The sport he once abandoned; he had to. Of Samoan parents and raised in the suburbs of Auckland, New Zealand, Aki had always stood out with an oval ball in his hands and as a teenager had even earned a spot in the reserve team of an English club and a scholarship to study at Truro School, a very private school in Cornwall. "My family comes from a very poor background, we never had much at home, so I had to seize the opportunity. I was determined to be a professional," he recalled to the Irish Independent, praising the posh English life, even the meat pies in the cafeteria. But that opportunity was not his.

A few weeks after arriving, his New Zealand girlfriend, Kayla, called him to say she was pregnant, and after enduring his mother's scolding, he prepared to be a father: he left England, left rugby, and sought employment back in Auckland. At 18 and a father of a newborn girl, Armani-Jade, he worked as a cashier at a Westpac bank branch, and his professional sports dreams seemed long forgotten.

He was lucky to have his friend Tim Nanai-Williams, also Samoan, his neighbor, who got him out of the house and encouraged him to play on a rugby-7 team. Aki had gained weight to over 110 kilos and, according to Nanai-Williams, "only dedicated himself to opening beers." But he started training, getting in shape, outperforming all his rivals, scoring tries.
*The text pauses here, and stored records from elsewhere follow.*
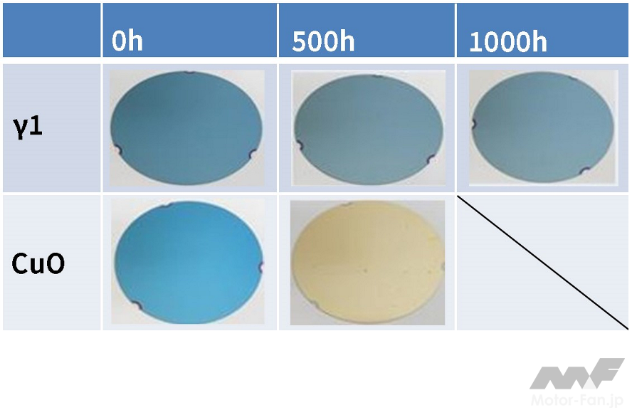 そこでITOに代わり、導電性および柔軟性に優れるメタルメッシュの普及が進んでいる。メタルメッシュに主に用いられる銅の導電膜は金属光沢があり、外光を反射するためタッチパネルの視認性が悪化してしまう。そのため銅の上に黒化膜を重ねて反射を抑制する必要があり(図2)、従来は銅酸化物が黒化膜として用いられてきた。さらに電子黒板などの大型表示装置や、大画面化が進む車載用タッチパネルは、買い替え期間や耐用年数が長いため、より高い耐久性が要求される。しかしながら、従来の銅酸化物の黒化膜は長期間過酷な環境にさらされると変色し、タッチパネルの視認性が悪化する課題が残っていた(図3)。そのため、より変色耐性の高い黒化膜が求められている。
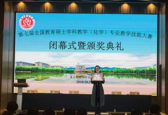 2018年10月20日至10月22日,由全国教育专业学位研究生教育指导委员会主办、重庆师范大学承办的第七届全日制教育硕士学科教学(化学)专业教学技能大赛决赛在重庆师范大学举行,经过初赛选拔,共有来自全国51所教育硕士培养单位派出的95名选手参加大赛。天水师范学院bat365正版唯一官网2017级教育硕士朱幸参加了本次大赛。
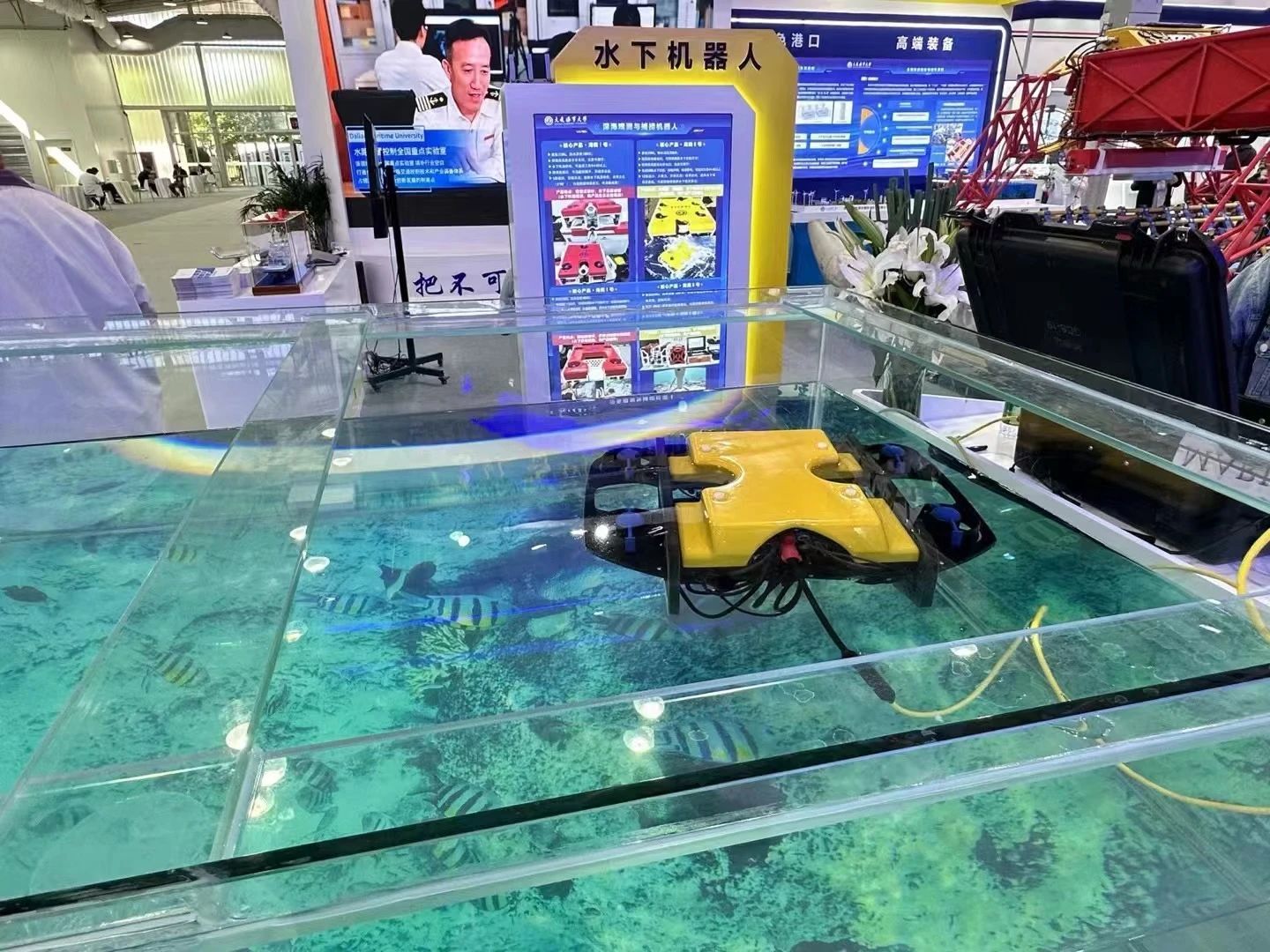 4.智能水下检测机器人徐敏义教授团队研发的智能水下检测机器人是一款可以在水下工作的缆控潜航器。该水下检测机器人能够进行水下拍摄、船体检测、水文检测以及打捞救援。该机器人已在船厂、渔场、海洋公园等多家单位进行了水下作业,具有在多种复杂环境下作业的能力。相比传统人工的工作方式不仅大大提高了作业效率,而且也改善了工作者的作业环境。
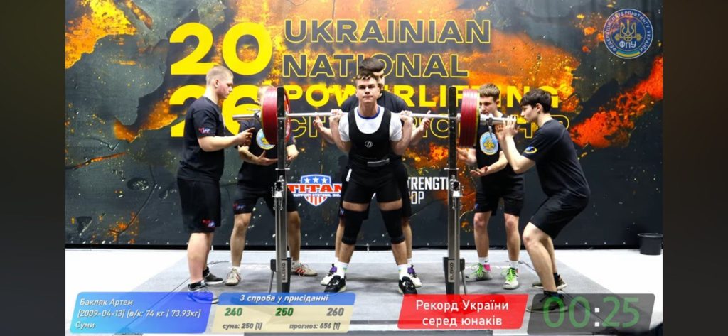 Найбільш видовищною стала станова тяга: Бакляк підкорив 262,5 кг, 275 кг і 285 кг, встановивши ще п’ять рекордів — три серед юнаків і два серед юніорів.
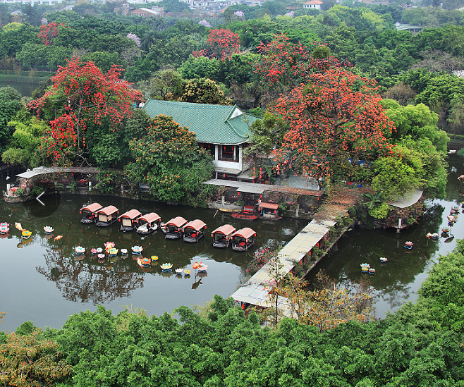 到了唐代,时任广州节度使卢钧再次扩建了菊湖。菊湖建成后,卢钧还在环湖的四周开辟了能跑马车的阔道;在湖的堤岸上广种红棉、刺桐及奇异花草,远望一片殷红。
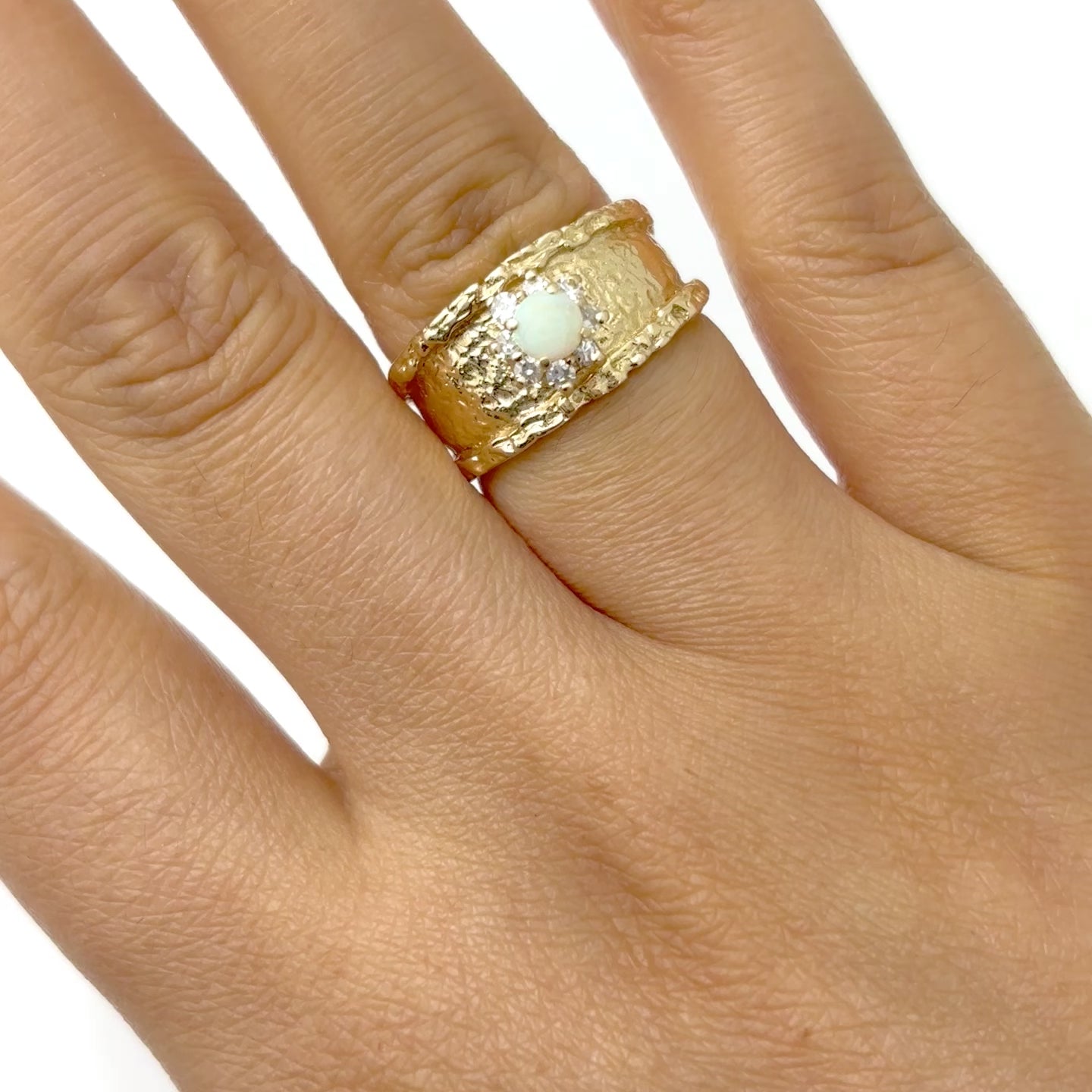 14k Yellow Gold Opal Cabochon Diamond Ring | 0.16 ctw, 0.18ct | SZ 6

And at 20, Tana Umaga called him, the former All Blacks captain, then coach of Counties Manakau, a club in Auckland, to see if he wanted to pursue his dreams again. What to do?

The controversy over his naturalization

"I was at a crossroads because they offered me a salary, but it wasn't guaranteed. Maybe it only lasted one season. It helped me a lot that my boss at the bank, Kalo, the branch manager, encouraged me to play and assured me that if it didn't work out, I could return to my position," recalls Aki, who has never updated passbooks again. He soon caught the attention of the Chiefs, one of the best teams in New Zealand, and at 24, he returned to Europe with the Irish Connacht team.

It wasn't the best team in the Pro 12, the league that includes clubs from Ireland, Scotland, Wales, and Italy, and they offered him a home in Oranmore, a town of just 5,000 inhabitants near Galway, but he didn't care. His second daughter, Adrianna, had just been born, and he wanted to settle down. He secured a starting position at Connacht, won the Pro 12 the following season, and even became Irish, despite the controversy in the country.

"Calling him up for the national team is morally wrong, it takes the place of players born and raised in Ireland," proclaimed former international Neil Francis, one of his detractors. "There are people who are not happy, but I work hard for the team," Aki responded. Since playing for Ireland, he has won three Six Nations titles, including the last two, and now seeks the fourth. The worst, clearly, is over.